関西医科大学附属病院

関西医科大学附属病院

アフターコロナ時代に向け
未来の医療を形づくり
最適な医療を提供する

高度医療を提供し、未来の医療を切り拓く関西医科大学附属病院。今年4月に新病院長に就任した松田病院長に、コロナ禍で問われる医療の本質をはじめ、同院が取組む最先端医療と目指すべき病院像についてお話をうかがった。

新型コロナ禍の医療

感染対策と安全が医療現場の最重要テーマ

日本の医療はコロナ禍で逼迫。未曾有の医療災害によって、医療崩壊の危機に直面している。「今の医療では、コロナ感染患者さんとそれ以外の患者さんをどのように分けて診療するかが重要です」と語り始めたのは、2021年4月に新院長に就任した松田公志病院長である。「日本全体がコロナ一色で混乱するなか、急増するコロナ患者さんだけを診て、他の患者さんを診ないという選択肢はありません。
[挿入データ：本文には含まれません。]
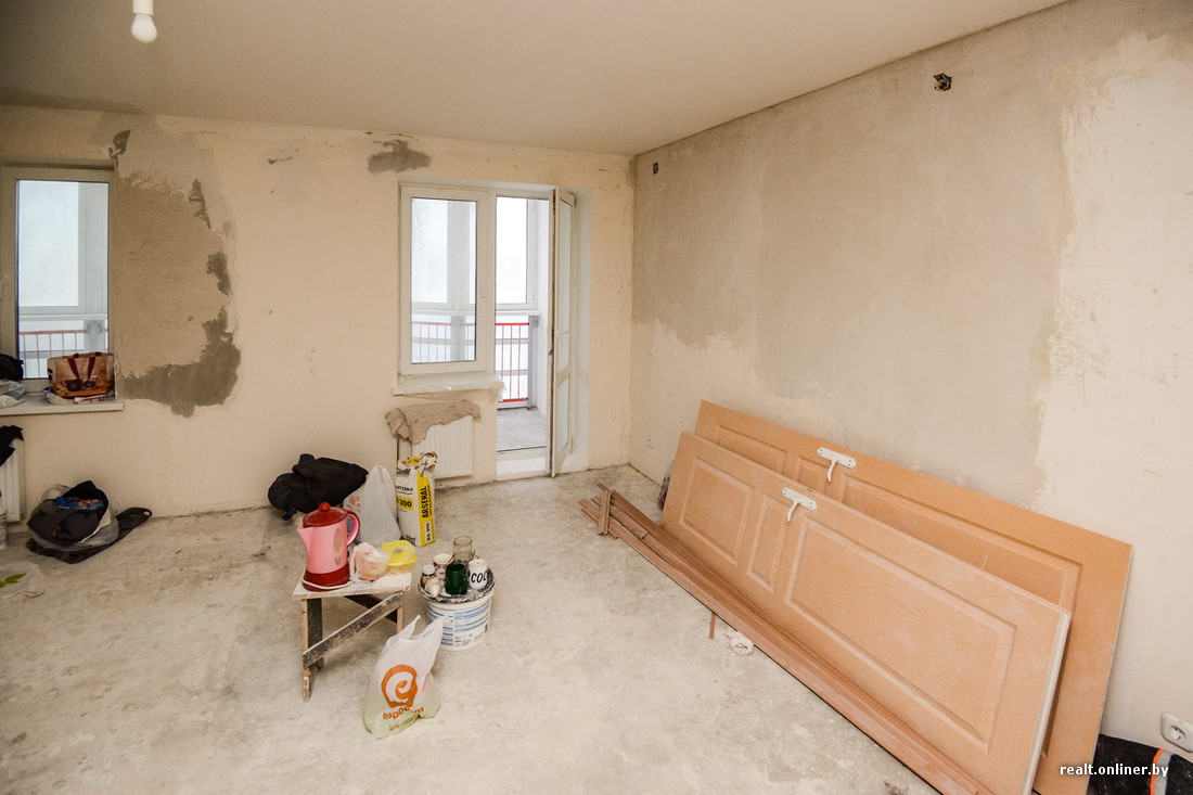 Попасть в свою — не свою квартиру минчанам действительно непросто: несмотря на то, что там слышны голоса, а в окнах периодически появляются курящие головы, открывать дверь без пяти минут хозяевам никто не торопится. Настойчивый стук в дверь не помогает: отделочники, которым, собственно, нет никакого дела до чужих тяжб и споров, просто выполняют свою работу и по понятным причинам не хотят вступать в лишние разговоры. У них есть задание сверху, а потому дверь закрыта на ключ изнутри и люди трудятся.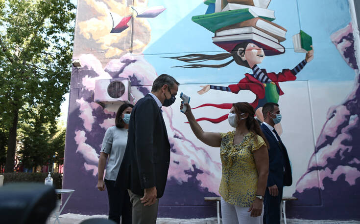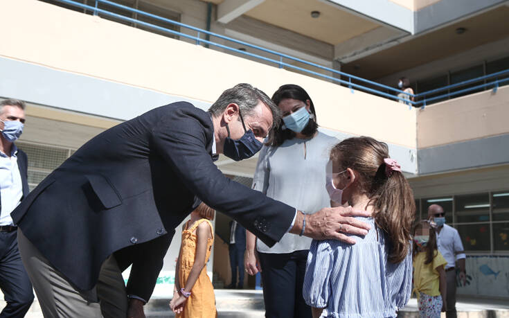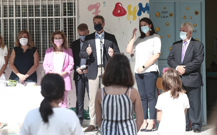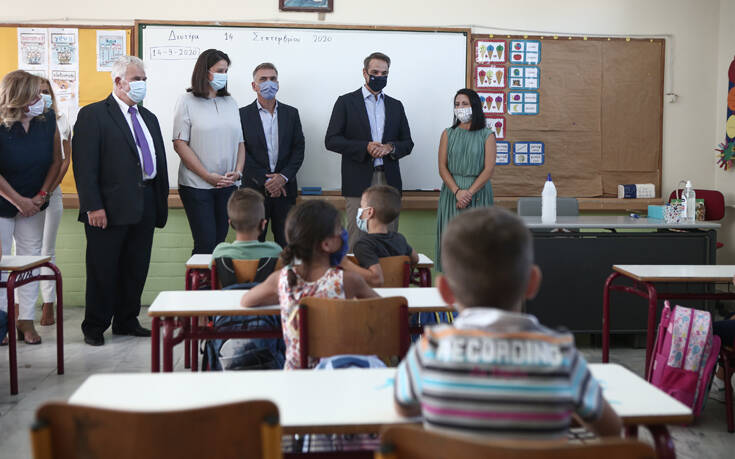 Στη συνέχεια ο πρωθυπουργός επισκέφθηκε σχολικές αίθουσες και συνομίλησε με μαθητές που την πρώτη τους ημέρα επιστροφής στα θρανία ενημερώνονταν για τους νέους τρόπους συμπεριφοράς και για τους κανόνες υγιεινής που με τη βοήθεια των δασκάλων θα ακολουθήσουν σε αυτή τη νέα -διαφορετική χρονιά.

そこで関西医科大学ではコロナ患者さんを関西医科大学総合医療センターが一括して対応し、当院では可能な限り、3次救命を含めた通常医療を続けております。当院の特徴は45の高度に専門化された診療科とハートセンターや脳卒中センターなど7つの集学的な治療を可能にしたセンターを有している点です。『最先端かつ個々の患者さんに最適な診療を提供すること』を使命に、安全であたたかい医療を提供します」。本院では感染制御部に感染症対策の指導的立場の医師を配し、科学的根拠に基づいた感染対策を日々実行。医療圏内唯一の特定機能病院、地域がん診療連携拠点病院、がんゲノム医療連携病院、大阪府アレルギー疾患拠点病院、大阪府難病診療拠点病院など様々な顔を持つ大学病院として地域医療に貢献している。「コロナ終息後の地域医療を見据えれば、今後目指すべきは病院の機能分化です。現在、当院は北河内地区の16病院が連携する『北河内メディカルネットワーク』の中心病院として、地域包括医療システムの構築に寄与しています。大学病院ならではの技術を他院へ開放し、当院のPETやMRIなど放射線機器を用いた検査を自由に予約していただくなど各病院との連携強化を進めております」とコロナ収束後も見据えた対応策を講じている。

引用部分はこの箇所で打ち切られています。